GlaxoSmithKline (GSK) reported fourth-quarter results largely in line with both our and consensus expectations, and we don't expect any changes to our fair value estimate. Despite the deteriorating pricing environment for Glaxo's key respiratory franchise; we believe the company's wide moat remains intact, supported by a portfolio of branded drugs and a strengthening competitive position in the vaccine and consumer health businesses.

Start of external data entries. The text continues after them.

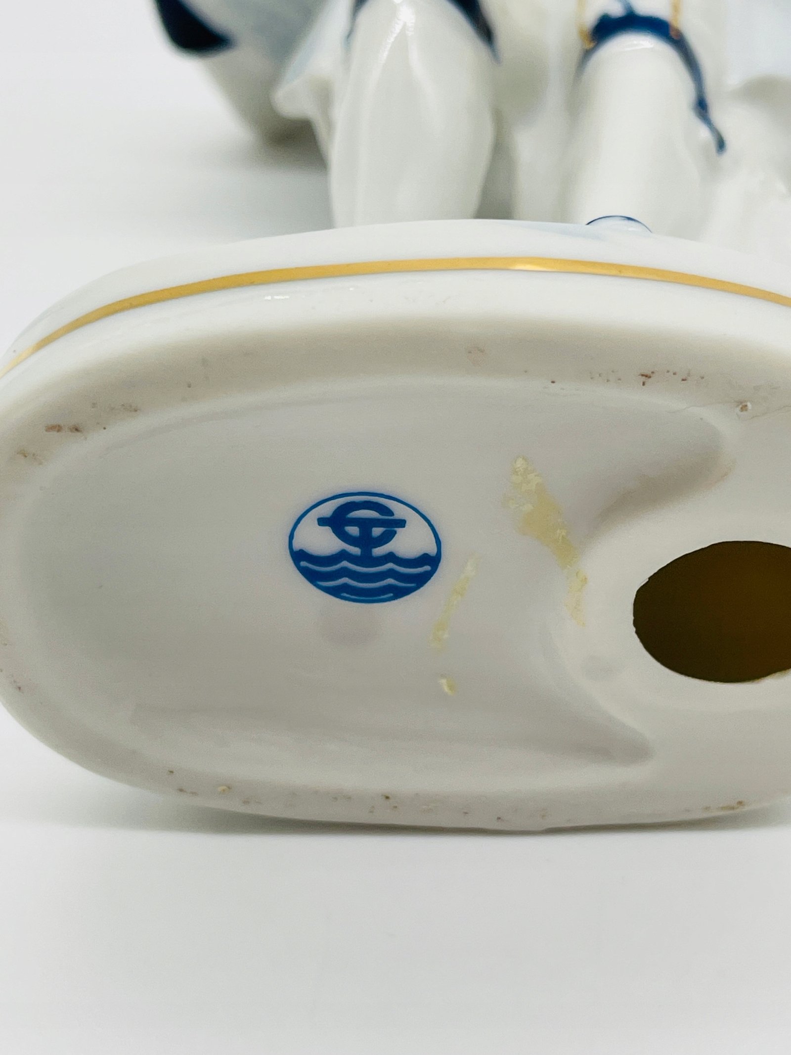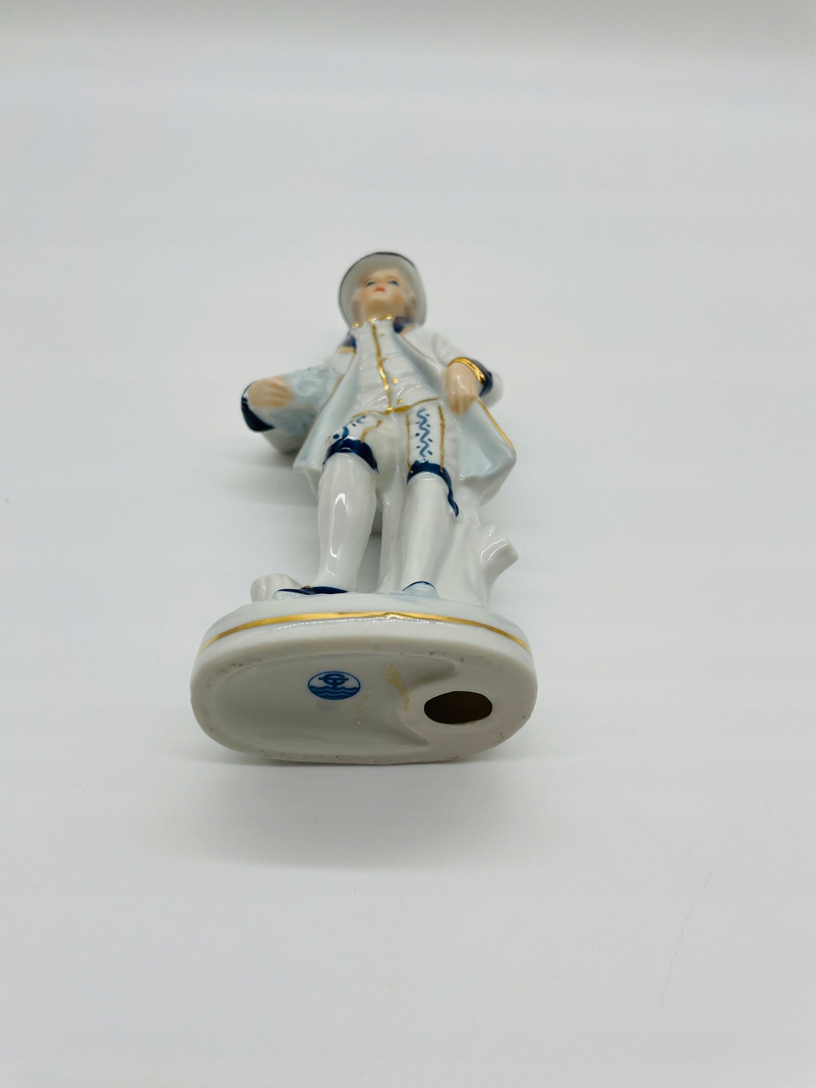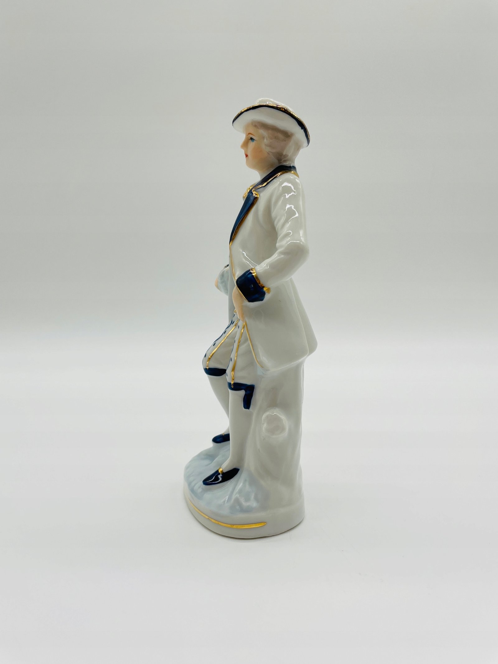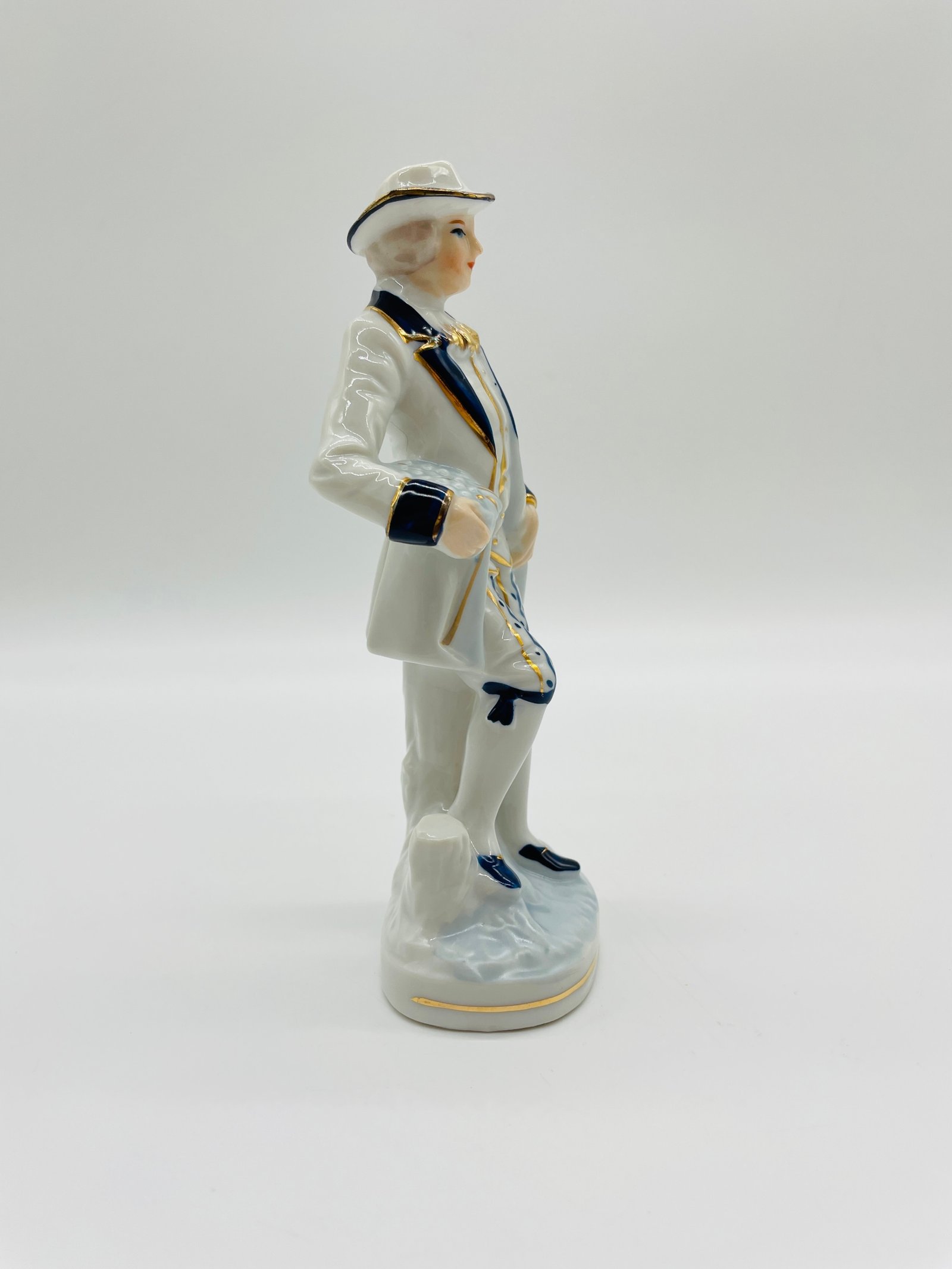 Figurka porcelanowa mężczyzna z kwiatami niebieskie akcenty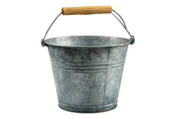 Metallic pail w/ wooden handle. Aged, rustic. Isolated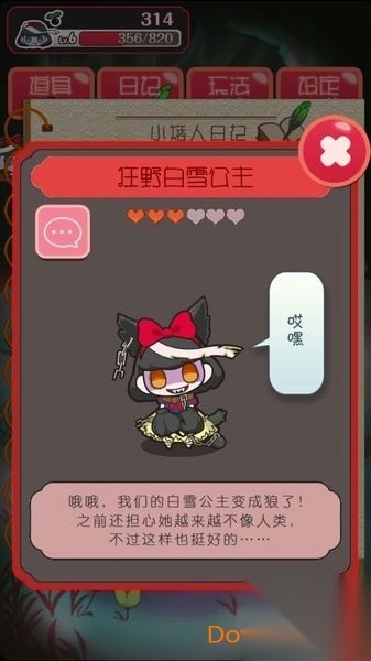 在游戏设定里,白雪公主遭遇不幸,被毒苹果给毒死了……在游戏过程中,玩家要是操控僵尸给白雪公主喂苹果,她便能实现进化成长。当白雪公主吃了苹果后,会掉落苹果的种子,这些种子能够用来兑换各式各样的便利道具。而且这款游戏还具备语音功能,玩家只需轻轻点击白雪公主这个角色,就能听到她用超萌的声音说出一些口味稍重的台词,要是角色升级了,台词也会跟着有所变化呢!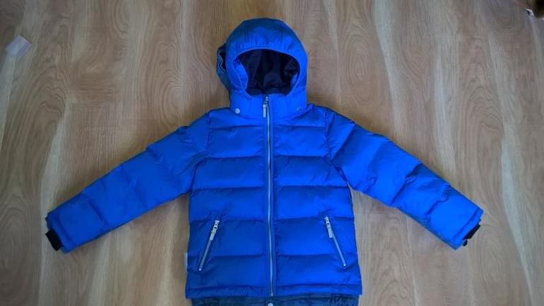 Steen Age - 128 размер, но большемерит. Носили прошлой зимой. Померили и на эту зиму пойдет. Оочень теплая. Остается. С рукавами вроде все ок?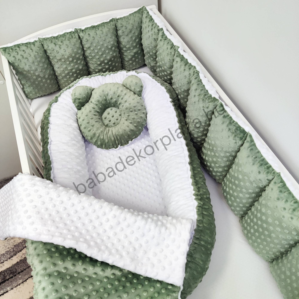 Deluxe Baby babaágynemű garnitúra babafészekkel, Extra párnás rácsvédővel - Minky - VÁLASZTHATÓ SZÍNBEN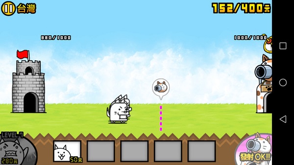 游戏目标是攻占在另一端的地方堡垒,玩家可以选择花费50元生产一个猫咪士兵,也可以用40元升级堡垒,加快金钱速度。右下角的猫咪炮是需要通过士兵的攻击来蓄能的,一旦蓄能完成,就会出现一个可供打击的区域,瞬秒区域内的所有敌人,是不是很厉害呢。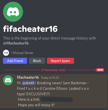 Message: A message telling me there's a way to look at a viral supposed sex tape of Caroline Ellison and Sam Bankman-Fried, two notorious criminals that orchestrated the Alameda + FTX fraud and former romantic partners. A large scale fraud that stole money from investors, clients, celebrities and could be the largest ever scam in the history of cryptocurrency. The sex tape is theorized to exist, but there's been zero confirmation of it and it has never actually surfaced.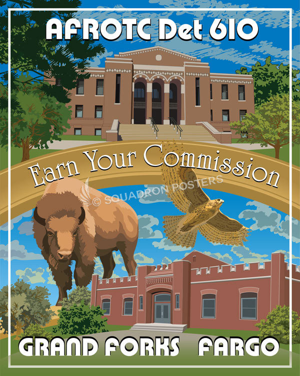 Grand Forks Fargo AFROTC DET 610 vintage style military aviation travel poster art by – Squadron Posters!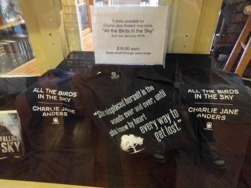 The All the Birds in the Sky T-Shirt is for sale at the amazing Borderlands Books! (Photo by Annalee Newitz)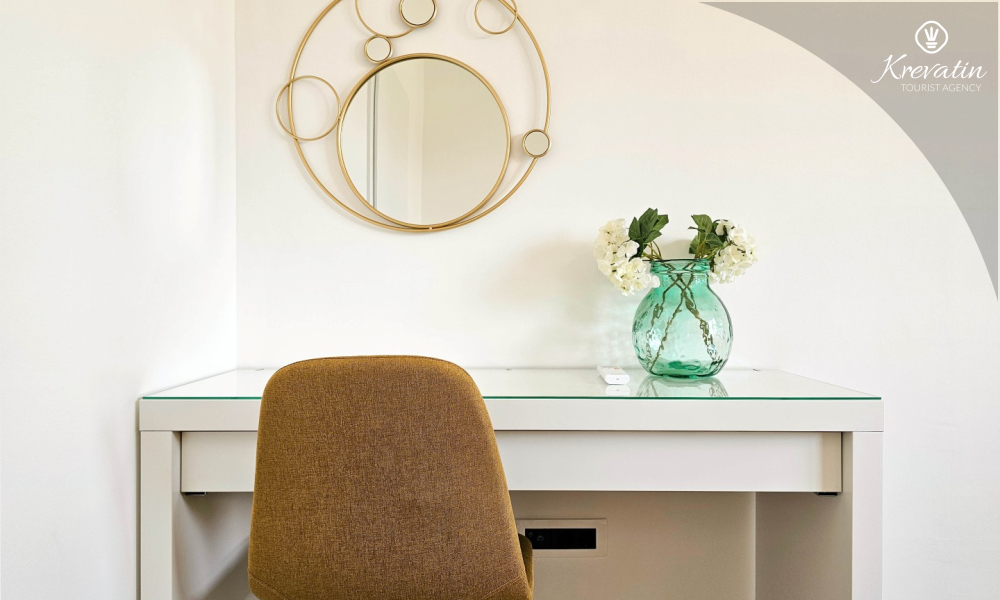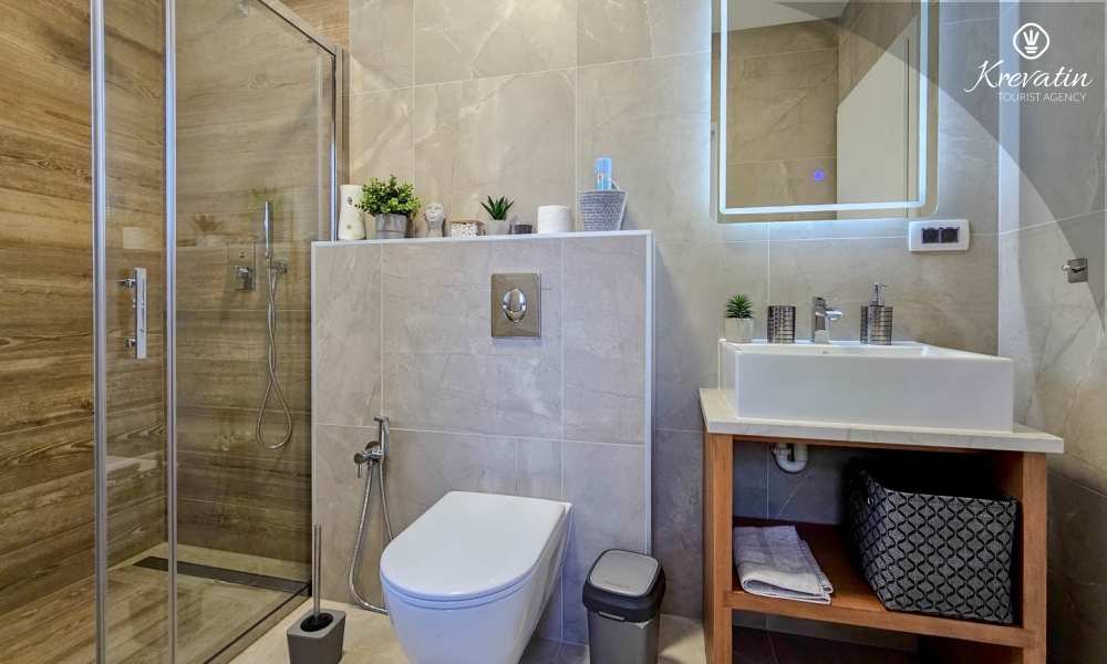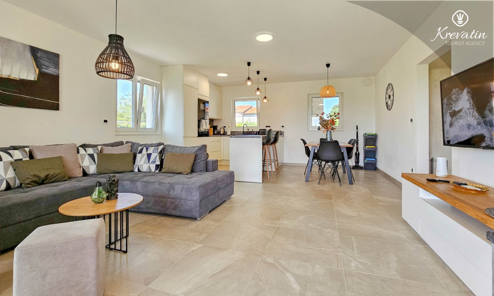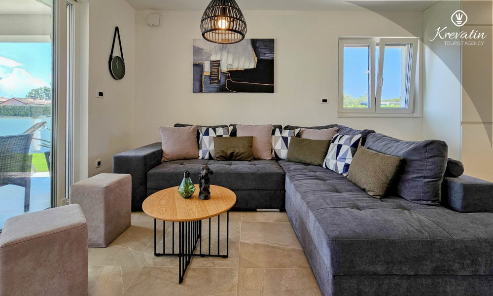 Im Inneren der Villa finden Sie 2 komfortable Schlafzimmer und 2 moderne Badezimmer. Das Wohnzimmer ist geräumig und mit einem Sofa ausgestattet. Hier können Sie entspannen und Zeit mit Familie oder Freunden verbringen.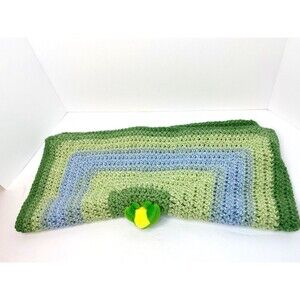 This handmade Baby Crochet Lovey Security Blanket Toy is the perfect addition to any nursery. Measuring 18" x 18" in size and featuring a plush frog theme, this multicolor blanket is sure to be adored by boys of any age.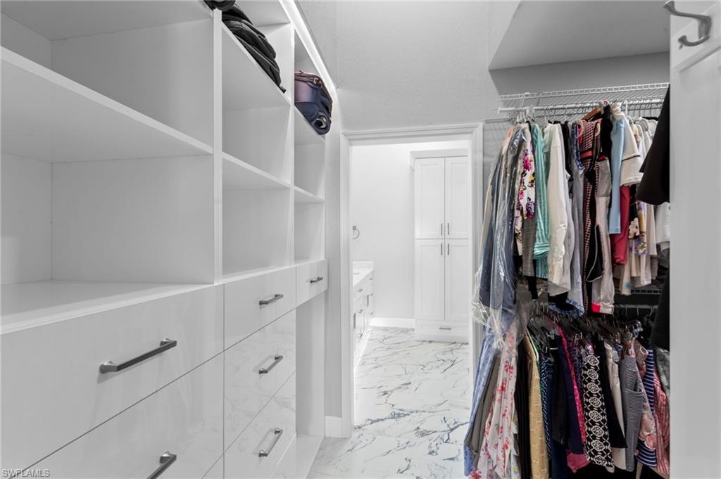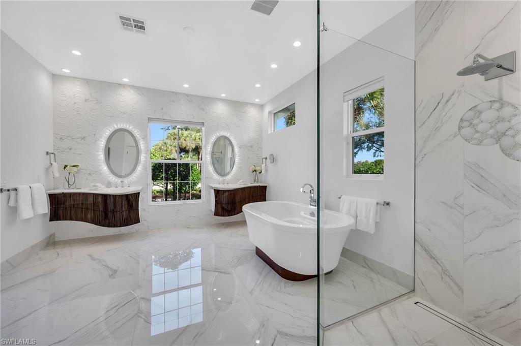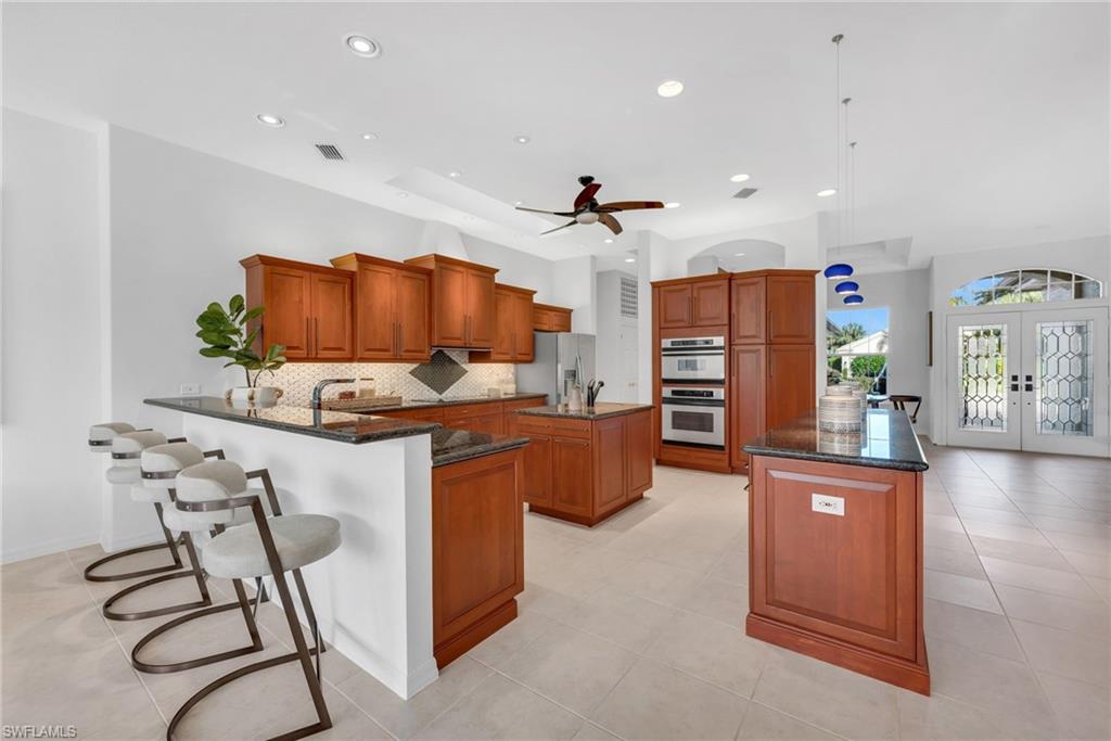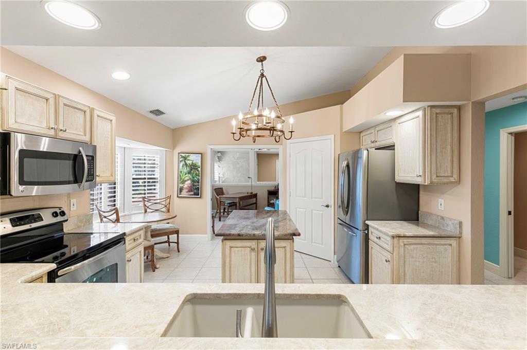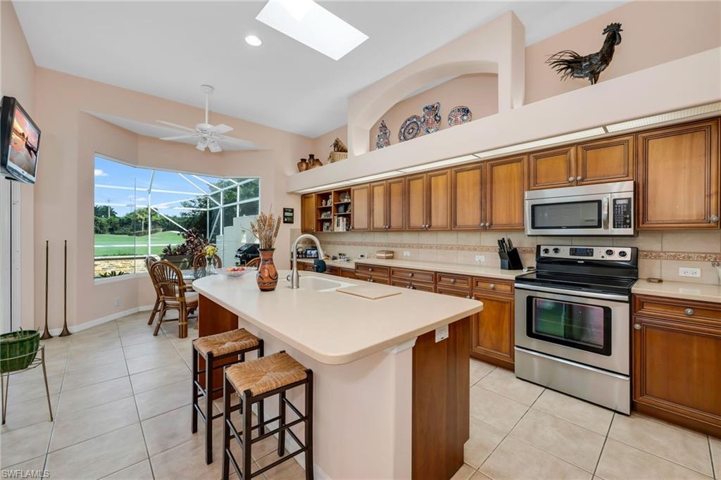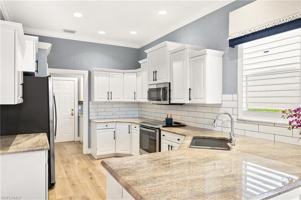 If you’ve been waiting for the right home in North Naples, a place that’s peaceful, beautifully cared for and ready for your next chapter, you will want to see this home. The custom Arthur Rutenberg Tradewinds III blends timeless design with noteworthy updates offering comfort, privacy and easy living in one of Naples’ most respected golf communities. From the moment you step inside, natural light and warm open spaces welcome you. There is a separate living room and great room, as well as a morning room with seamless corner window, all having direct access to lanai. The great room has south-facing oversize picture windows with golf course view. Kitchen has custom cabinetry, two islands, Italian marble, SS appliances, pull out pantry and remote skylight that lets in fresh air and west sunlight. The private primary suite commands the entire length of one side of the house, with oversized bath, room-size custom closet and a separate shoe closet. Primary bath is spa inspired, finished in Porcelanosa tile, French made vanities, free standing air jetted tub, LED mirrors and frameless shower. It is a soothing space that aligns with calming energy. Outdoor living area is just as impressive, with massive lanai, large pool and spa. Mature landscaping and new Calusa privacy hedge bring in Nature’s tranquility. Imagine quiet evenings outside, weekend gatherings or a morning swim before golf with friends. There is even an outdoor kitchen with custom cabinetry, TEC infrared grill, separate built in burner, custom SS venting, bar sink and granite counters. Recent updates to pool equipment (including new heater and pump), screened cage, and complete pool resurfacing allow headache-free enjoyment. Significant improvements make ownership easy, including 2025 roof, new water heaters, new gutters, fresh paint exterior & interior, updated irrigation system, hurricane-rated windows and motorized shutters. A 3.5 car garage with new epoxy flooring and full attic planking round out this exceptional home. The location within the Strand also adds appeal. The private back gate entrance offers quick access. Strand amenities include 27 holes of championship golf, tennis, pickleball, bocce and lawn croquet; as well as a fitness complex, multiple dining venues and a clubhouse with a full calendar of social activities. It is one of North Naples’ most desirable and inviting private clubs. If you are looking for a move in ready home with exceptional outdoor living, thoughtful improvements and a prime location near Publix, Target and Walmart, this home offers a comfortable, relaxed environment that exemplifies the Naples casual easy lifestyle.

With the asset swap with Novartis – gaining vaccines, losing cancer drugs, and joint venturing on consumer products – likely to close in the first half of 2015, Glaxo is strengthening its competitive position by gaining scale in core areas while exiting a suboptimal position in the cancer market. However, as the quarterly results show, the growth potential in Glaxo's vaccine and consumer business is probably much lower than with the cancer drugs. Nonetheless, the vaccine and consumer business should generate more steady cash flows as generic competition in these areas is much less prevalent.
The cash flows from the strengthening consumer and vaccine businesses and a stabilising respiratory franchise are critical in supporting the dividend. Any mis-steps in these businesses will probably result in a dividend cut as the payout ratio is close to 85%. While we remain confident in the consumer and vaccine businesses, we are concerned that stabilisation in the respiratory franchise, 27% of total sales, may take longer than the one year that management is targeting.
Even though Glaxo returned the majority of its respiratory franchise to more favourable positioning on US payer formularies in 2015, we remain concerned that competitors will offer pricing concessions in 2016 to regain market share. Over the longer term, we believe Glaxo's respiratory franchise will stabilise and return to growth based on a leading drug portfolio and potentially positive outcomes studies.